- Exercise data:
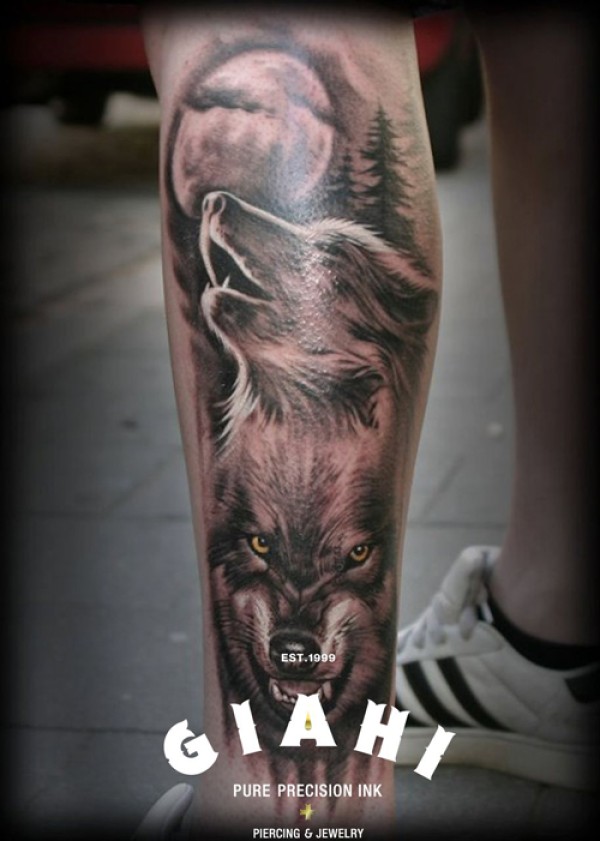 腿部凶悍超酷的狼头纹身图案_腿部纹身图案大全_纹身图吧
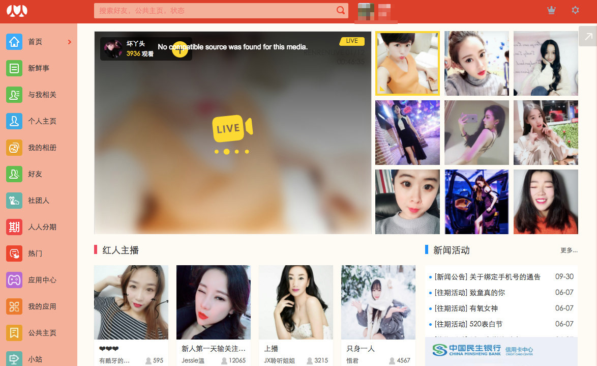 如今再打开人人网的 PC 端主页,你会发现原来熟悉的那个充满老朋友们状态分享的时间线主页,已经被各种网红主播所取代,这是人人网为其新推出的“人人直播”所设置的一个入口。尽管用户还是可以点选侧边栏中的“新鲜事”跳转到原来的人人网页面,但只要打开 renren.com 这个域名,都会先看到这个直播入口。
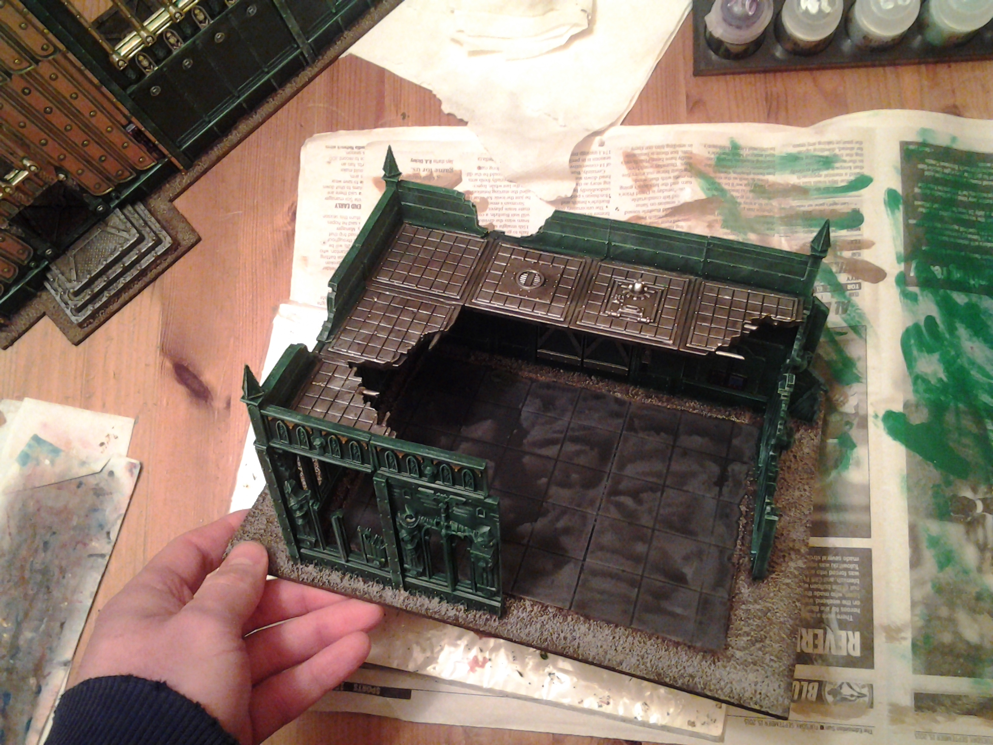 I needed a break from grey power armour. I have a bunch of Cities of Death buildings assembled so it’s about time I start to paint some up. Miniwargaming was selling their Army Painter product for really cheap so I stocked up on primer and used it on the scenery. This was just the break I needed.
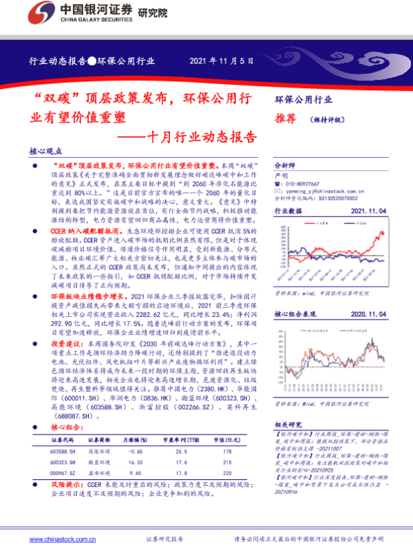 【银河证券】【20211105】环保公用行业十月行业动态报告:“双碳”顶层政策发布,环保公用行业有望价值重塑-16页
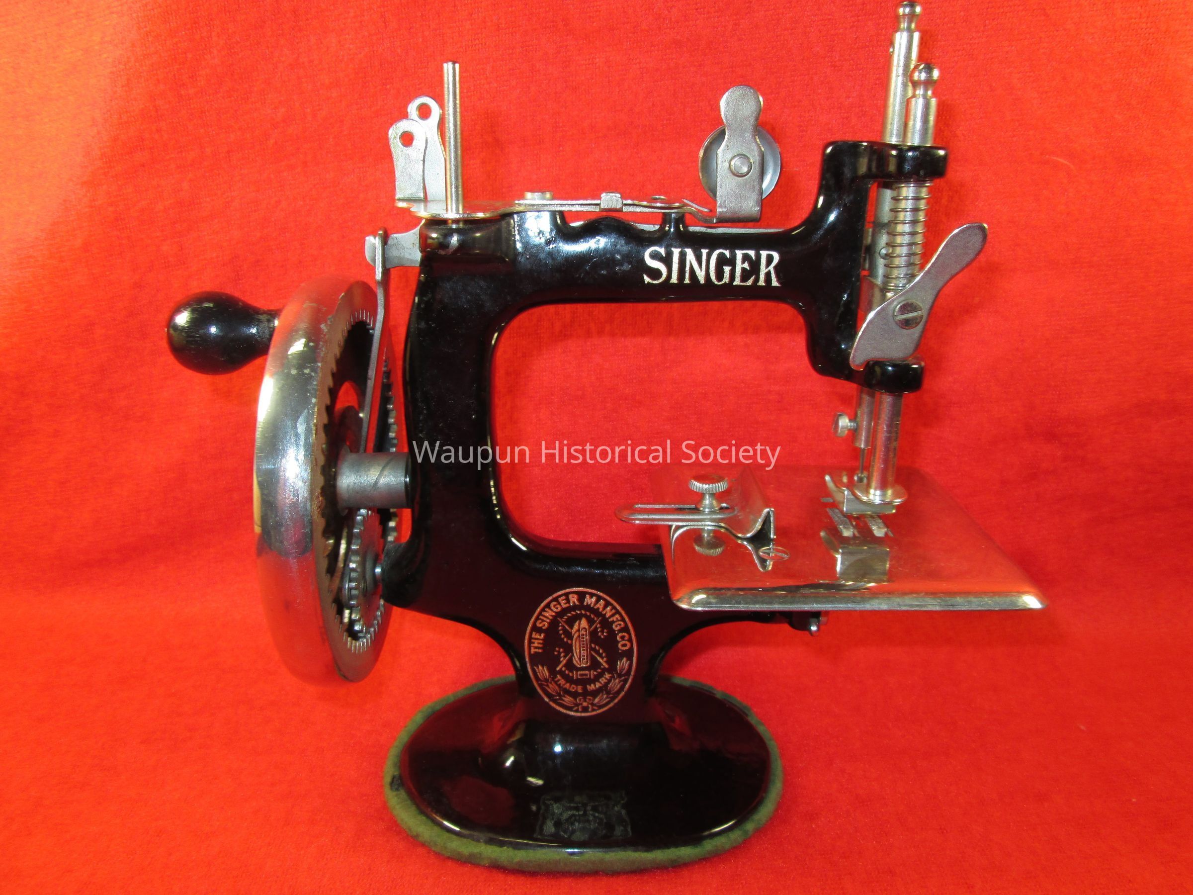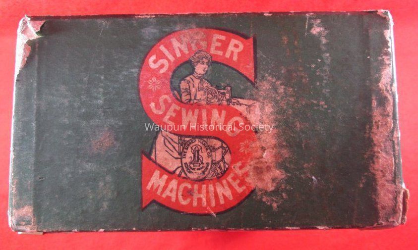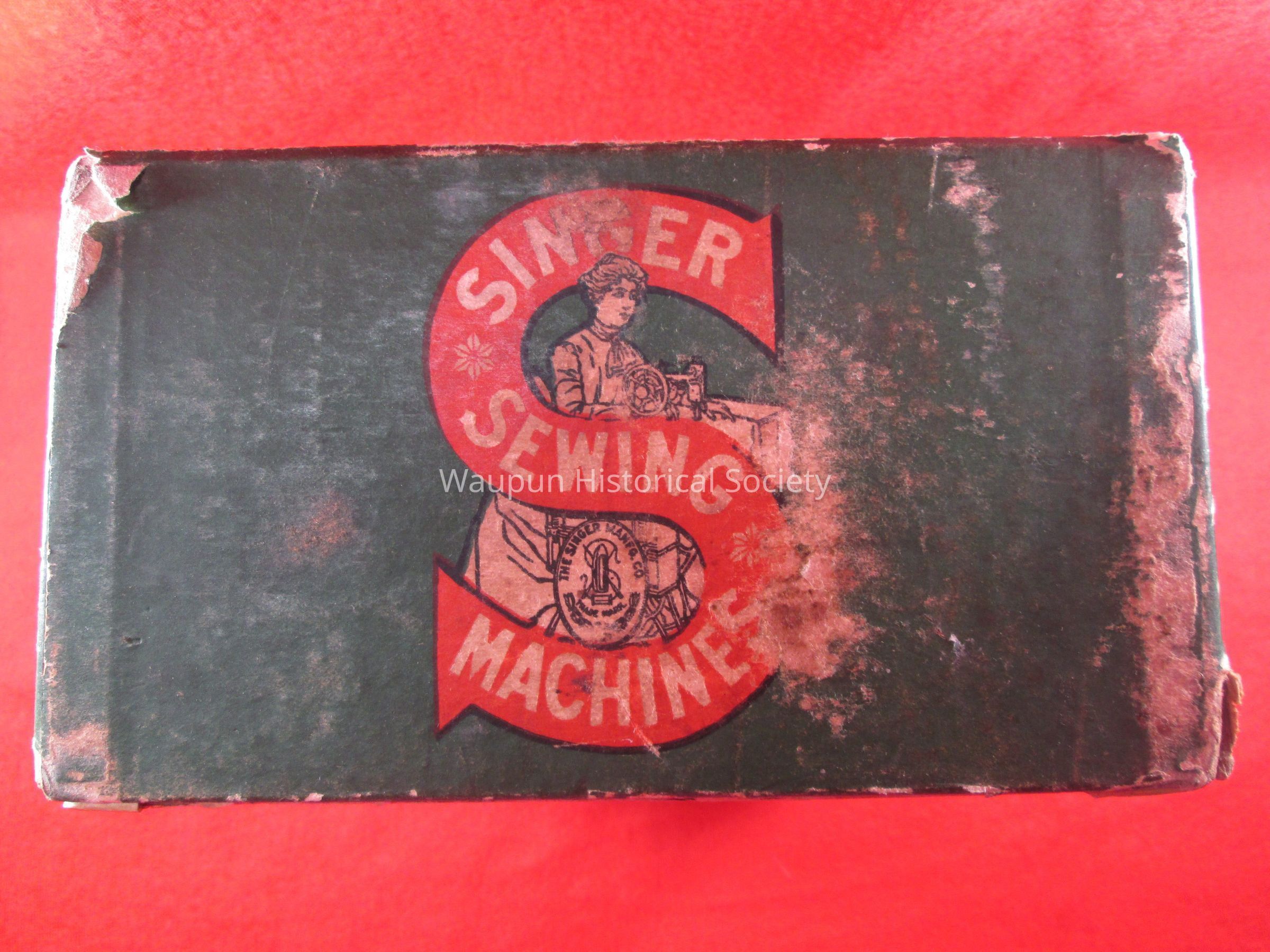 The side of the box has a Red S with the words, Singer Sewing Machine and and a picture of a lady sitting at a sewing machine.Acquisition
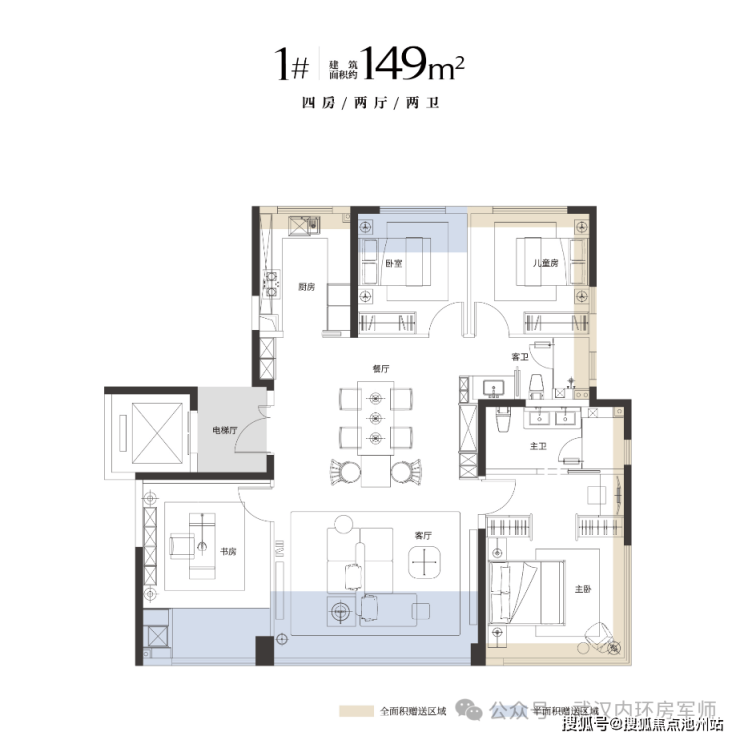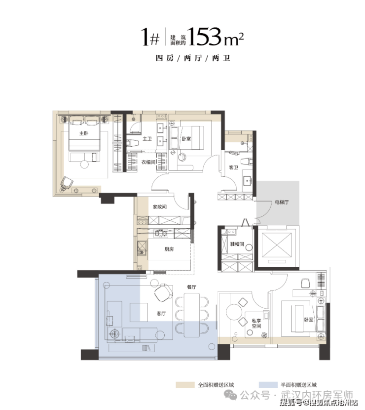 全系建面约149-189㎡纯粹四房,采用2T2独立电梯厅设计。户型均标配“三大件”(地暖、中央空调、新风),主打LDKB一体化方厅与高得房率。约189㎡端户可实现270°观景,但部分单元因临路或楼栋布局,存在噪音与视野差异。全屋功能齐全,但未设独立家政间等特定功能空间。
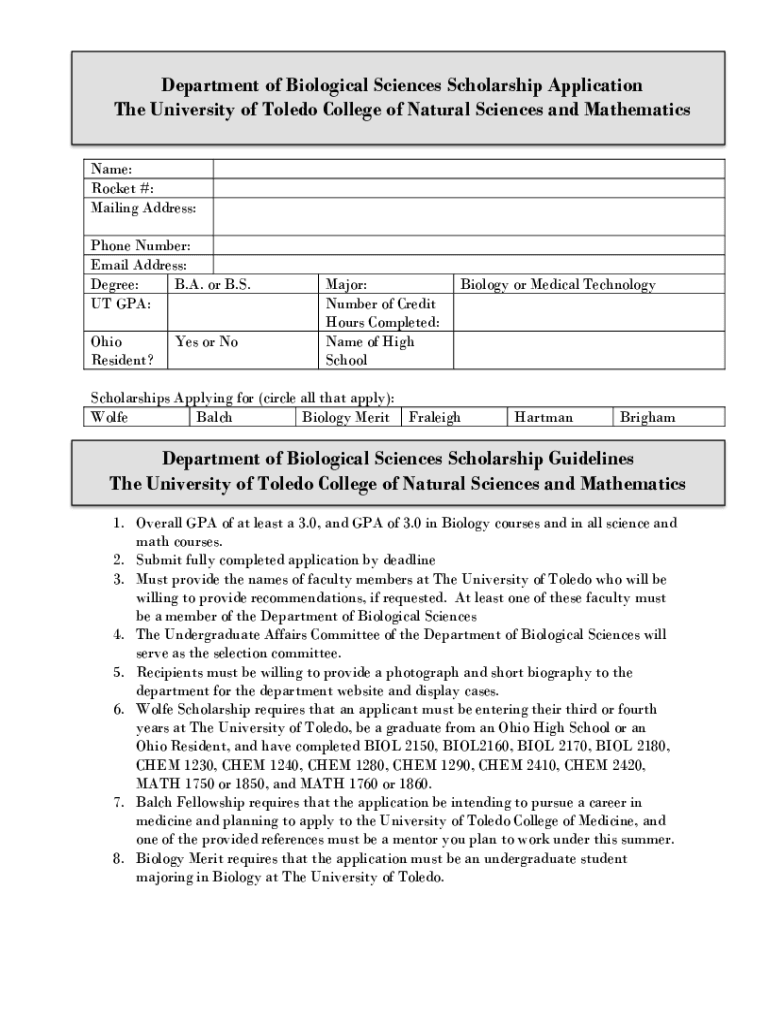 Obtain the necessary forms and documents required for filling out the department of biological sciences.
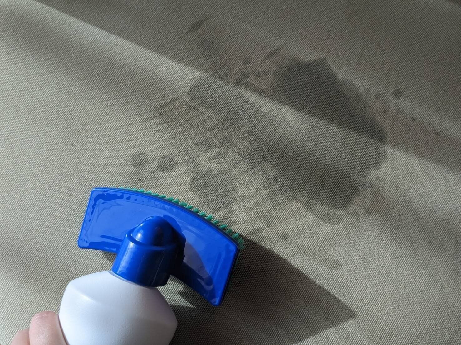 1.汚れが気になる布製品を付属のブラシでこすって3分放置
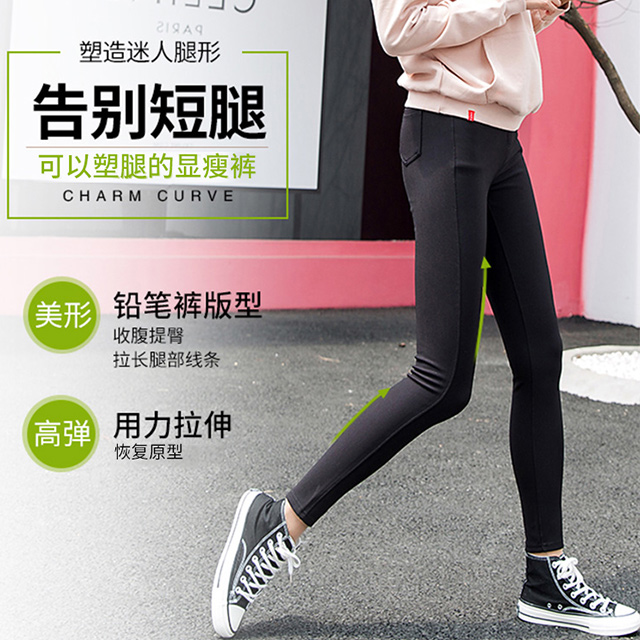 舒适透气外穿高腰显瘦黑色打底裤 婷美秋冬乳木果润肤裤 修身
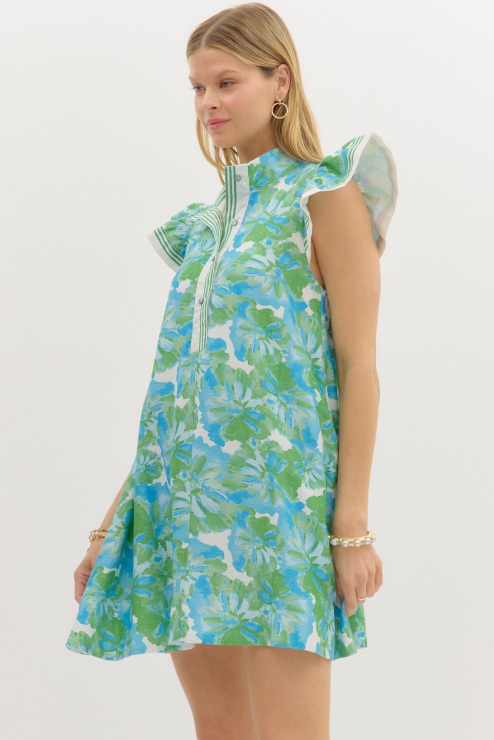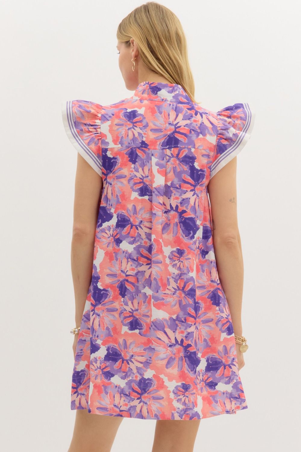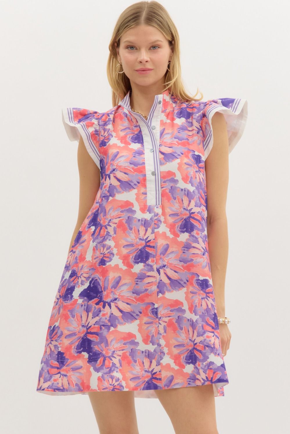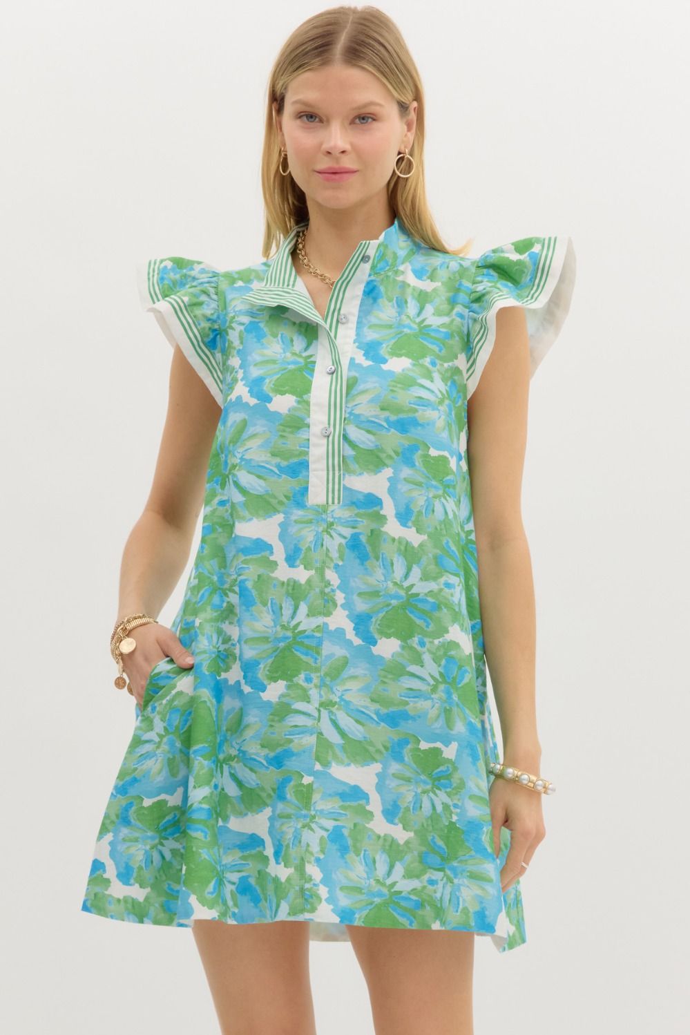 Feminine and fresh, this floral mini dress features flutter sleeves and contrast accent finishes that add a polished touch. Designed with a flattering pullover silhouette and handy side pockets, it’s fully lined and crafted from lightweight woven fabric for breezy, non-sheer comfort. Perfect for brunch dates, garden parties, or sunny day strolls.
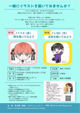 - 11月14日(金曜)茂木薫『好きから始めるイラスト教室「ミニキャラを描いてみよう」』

- Problem description: Exactly as written, return every line of the listing, but not the pictures.

- Your solution:
 腿部凶悍超酷的狼头纹身图案_腿部纹身图案大全_纹身图吧
 如今再打开人人网的 PC 端主页,你会发现原来熟悉的那个充满老朋友们状态分享的时间线主页,已经被各种网红主播所取代,这是人人网为其新推出的“人人直播”所设置的一个入口。尽管用户还是可以点选侧边栏中的“新鲜事”跳转到原来的人人网页面,但只要打开 renren.com 这个域名,都会先看到这个直播入口。
 I needed a break from grey power armour. I have a bunch of Cities of Death buildings assembled so it’s about time I start to paint some up. Miniwargaming was selling their Army Painter product for really cheap so I stocked up on primer and used it on the scenery. This was just the break I needed.
 【银河证券】【20211105】环保公用行业十月行业动态报告:“双碳”顶层政策发布,环保公用行业有望价值重塑-16页
 The side of the box has a Red S with the words, Singer Sewing Machine and and a picture of a lady sitting at a sewing machine.Acquisition
 全系建面约149-189㎡纯粹四房,采用2T2独立电梯厅设计。户型均标配“三大件”(地暖、中央空调、新风),主打LDKB一体化方厅与高得房率。约189㎡端户可实现270°观景,但部分单元因临路或楼栋布局,存在噪音与视野差异。全屋功能齐全,但未设独立家政间等特定功能空间。
 Obtain the necessary forms and documents required for filling out the department of biological sciences.
 1.汚れが気になる布製品を付属のブラシでこすって3分放置
 舒适透气外穿高腰显瘦黑色打底裤 婷美秋冬乳木果润肤裤 修身
 Feminine and fresh, this floral mini dress features flutter sleeves and contrast accent finishes that add a polished touch. Designed with a flattering pullover silhouette and handy side pockets, it’s fully lined and crafted from lightweight woven fabric for breezy, non-sheer comfort. Perfect for brunch dates, garden parties, or sunny day strolls.
 - 11月14日(金曜)茂木薫『好きから始めるイラスト教室「ミニキャラを描いてみよう」』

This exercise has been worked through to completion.